### Input data
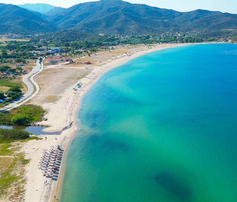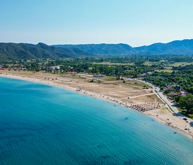 Only 11 km south of Sarti you can find a large blue flag Sykia beach. It is the closest beach to the willage of Sykia about 4 km up the mountain. The beach is very long, clear and with sand on the coast. There are some beach bars and we recommend ALATI.
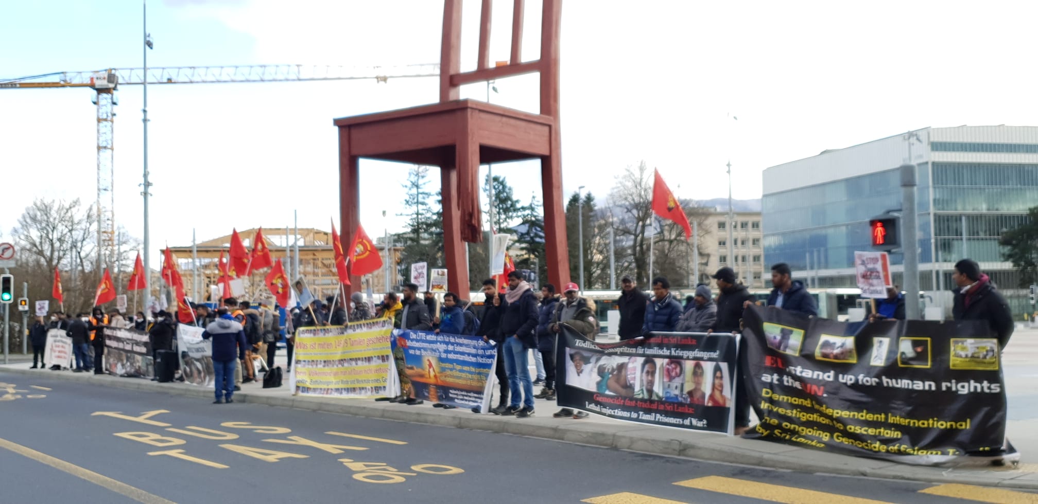 - கொறொனா வைரஸ் அச்சுறுத்தலுக்கு மத்தியிலும் இனப்படுகொலையை இடித்துரைக்க ஐ.நா. முன் அணிதிரண்ட தமிழ் மக்கள்.
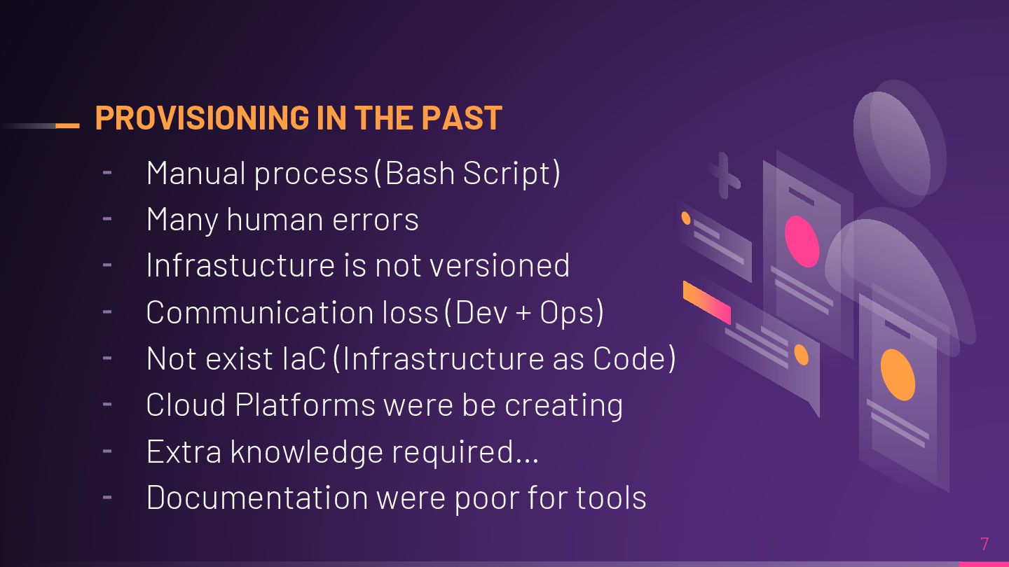 Many human errors ╸ Infrastucture is not versioned ╸ Communication loss (Dev + Ops) ╸ Not exist IaC (Infrastructure as Code) ╸ Cloud Platforms were be creating ╸ Extra knowledge required… ╸ Documentation were poor for tools 7

### Your objective
Pictures stay out; all other material above is restated word for word.

### Result of this task
 Only 11 km south of Sarti you can find a large blue flag Sykia beach. It is the closest beach to the willage of Sykia about 4 km up the mountain. The beach is very long, clear and with sand on the coast. There are some beach bars and we recommend ALATI.
 - கொறொனா வைரஸ் அச்சுறுத்தலுக்கு மத்தியிலும் இனப்படுகொலையை இடித்துரைக்க ஐ.நா. முன் அணிதிரண்ட தமிழ் மக்கள்.
 Many human errors ╸ Infrastucture is not versioned ╸ Communication loss (Dev + Ops) ╸ Not exist IaC (Infrastructure as Code) ╸ Cloud Platforms were be creating ╸ Extra knowledge required… ╸ Documentation were poor for tools 7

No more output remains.